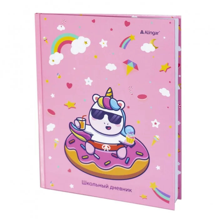 Дневник школьный Alingar 1-11 кл., 40л., 7БЦ, глянцевая ламинация, 17, 0 см. * 21, 6 см, Единорожка" 98755
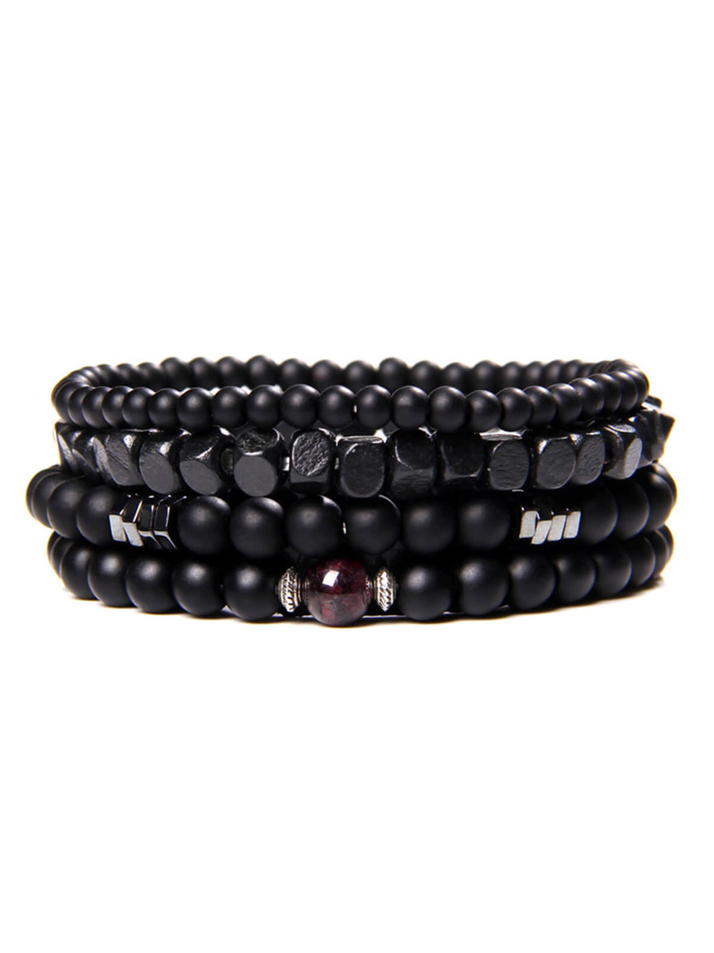 Czarne koraliki, Metalowe wstawki, Koraliki w kontrastowym kolorze na środku, Rozciągliwa żyłka dopasowująca się do nadgarstka
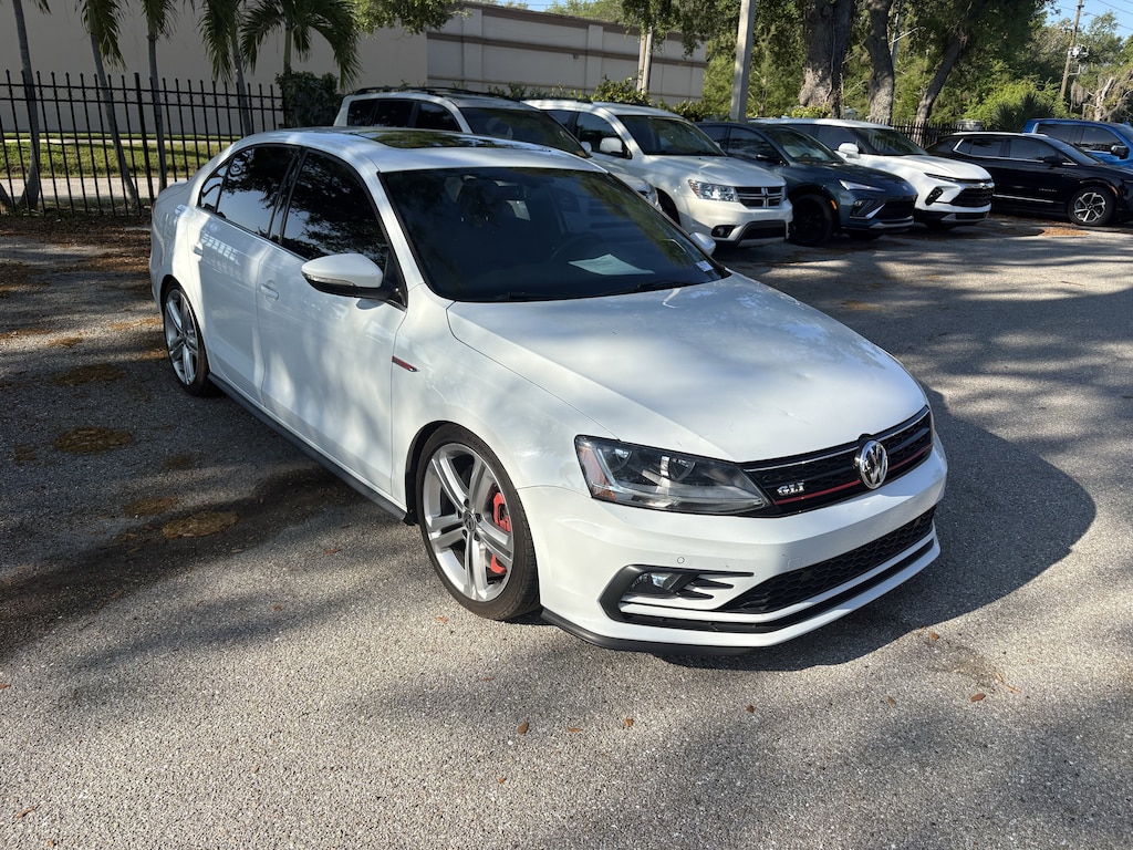 Home of the As-Traded Vehicles where every scratch, ding, and dent tells a story. Instead of sending this vehicle straight to auction, we are giving you the chance to buy it first. Offered exactly as it was traded, this is a great option for budget-conscious buyers or those looking for a project vehicle. Please note, a state-required safety inspection must be completed prior to delivery, at customer expense.Recent Arrival! 2017 Volkswagen Jetta GLI GLI 2.0L I4 TSI Turbocharged FWD *AFTERMARKET EXHAUST*, **LOW MILES FOR THE YEAR**, **CTS TUNED**, **AFTERMARKET COLD AIR INTAKE**, ***SUSPENSION MODIFICATIONS LOWERED***, 18" Mallory Alloy Wheels, ABS brakes, Air Conditioning, AM/FM radio: SiriusXM, Dual front impact airbags, Exterior Parking Camera Rear, Front anti-roll bar, Front dual zone A/C, Front reading lights, Fully automatic headlights, Leather Shift Knob, Low tire pressure warning, Occupant sensing airbag, Panic alarm, Power driver seat, Power moonroof, Power steering, Power windows, Radio: Discover Media w/Navigation, Remote keyless entry, Sport steering wheel, Traction control, V-Tex Leatherette Seat Trim, Variably intermittent wipers.Odometer is 37373 miles below market average! 24/33 City/Highway MPGAwards:* 2017 IIHS Top Safety Pick+ * 2017 KBB.com 10 Best Used Compact Cars Under $15,000 * 2017 KBB.com 10 Coolest New Cars Under $18,000Pricing excludes tax, tag, title and pre-delivery service fee of $999 and private tag agency fee of $24.40. *See below for details.
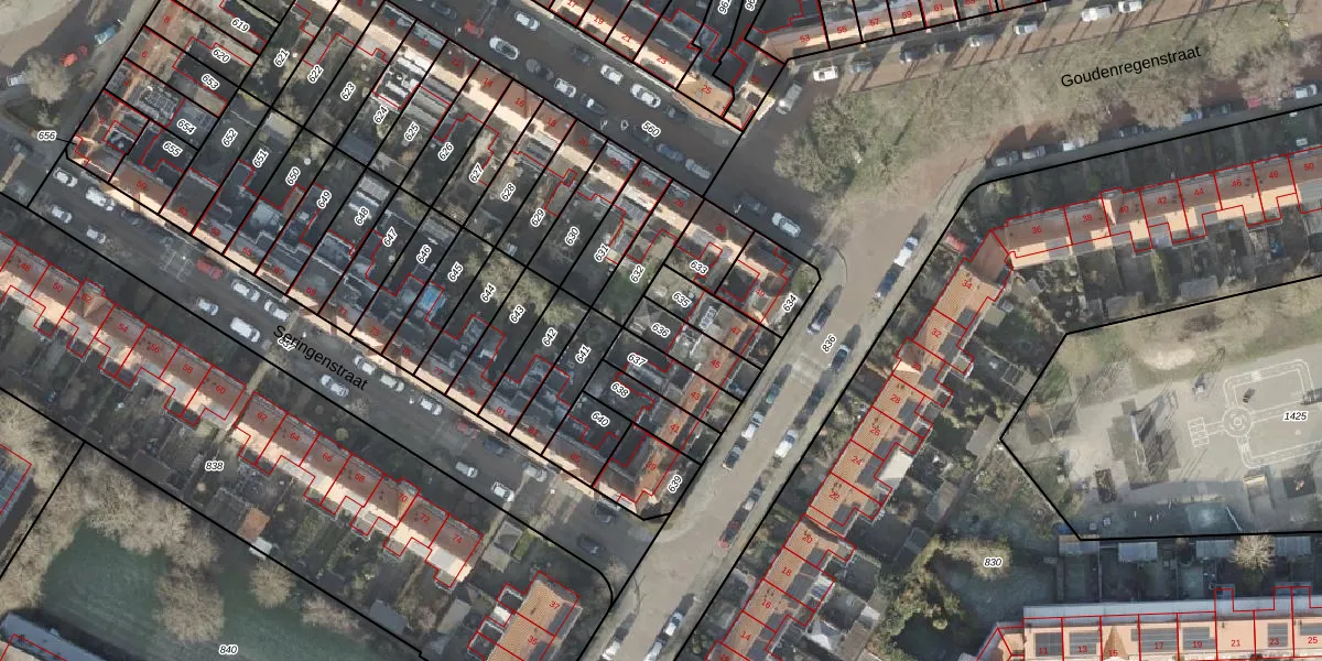 Gebruik de zoekbalk of klik op een perceel om informatie over het perceel te bekijken.
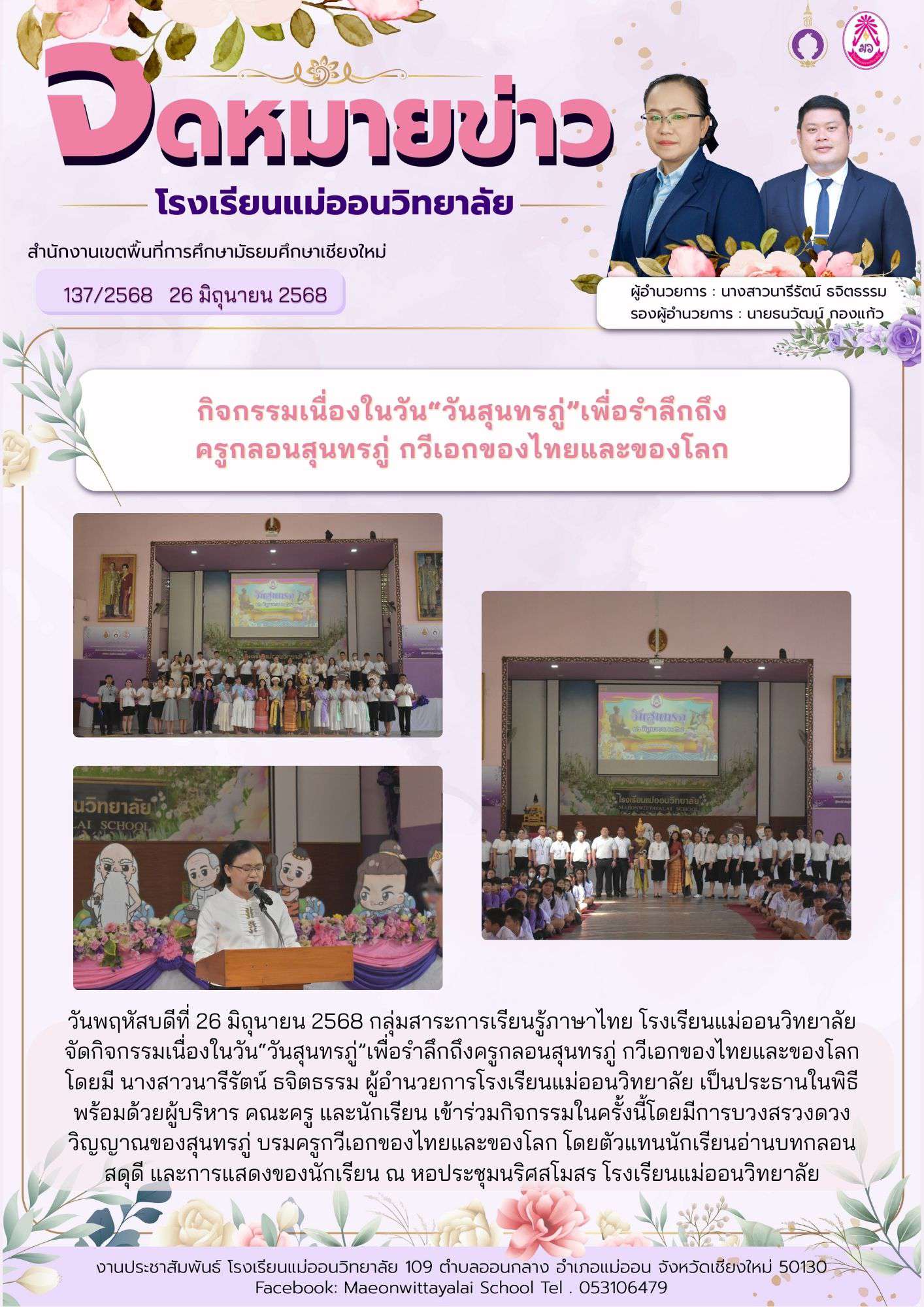 กิจกรรมเนื่องในวัน?วันสุนทรภู่?เพื่อรำลึกถึงครูกลอนสุนทรภู่ กวีเอกของไทยและของโลก
____________
Task to complete =>
Every record is to be repeated exactly, and no picture is carried over.

Solution to the exercise =>
 Дневник школьный Alingar 1-11 кл., 40л., 7БЦ, глянцевая ламинация, 17, 0 см. * 21, 6 см, Единорожка" 98755
 Czarne koraliki, Metalowe wstawki, Koraliki w kontrastowym kolorze na środku, Rozciągliwa żyłka dopasowująca się do nadgarstka
 Home of the As-Traded Vehicles where every scratch, ding, and dent tells a story. Instead of sending this vehicle straight to auction, we are giving you the chance to buy it first. Offered exactly as it was traded, this is a great option for budget-conscious buyers or those looking for a project vehicle. Please note, a state-required safety inspection must be completed prior to delivery, at customer expense.Recent Arrival! 2017 Volkswagen Jetta GLI GLI 2.0L I4 TSI Turbocharged FWD *AFTERMARKET EXHAUST*, **LOW MILES FOR THE YEAR**, **CTS TUNED**, **AFTERMARKET COLD AIR INTAKE**, ***SUSPENSION MODIFICATIONS LOWERED***, 18" Mallory Alloy Wheels, ABS brakes, Air Conditioning, AM/FM radio: SiriusXM, Dual front impact airbags, Exterior Parking Camera Rear, Front anti-roll bar, Front dual zone A/C, Front reading lights, Fully automatic headlights, Leather Shift Knob, Low tire pressure warning, Occupant sensing airbag, Panic alarm, Power driver seat, Power moonroof, Power steering, Power windows, Radio: Discover Media w/Navigation, Remote keyless entry, Sport steering wheel, Traction control, V-Tex Leatherette Seat Trim, Variably intermittent wipers.Odometer is 37373 miles below market average! 24/33 City/Highway MPGAwards:* 2017 IIHS Top Safety Pick+ * 2017 KBB.com 10 Best Used Compact Cars Under $15,000 * 2017 KBB.com 10 Coolest New Cars Under $18,000Pricing excludes tax, tag, title and pre-delivery service fee of $999 and private tag agency fee of $24.40. *See below for details.
 Gebruik de zoekbalk of klik op een perceel om informatie over het perceel te bekijken.
 กิจกรรมเนื่องในวัน?วันสุนทรภู่?เพื่อรำลึกถึงครูกลอนสุนทรภู่ กวีเอกของไทยและของโลก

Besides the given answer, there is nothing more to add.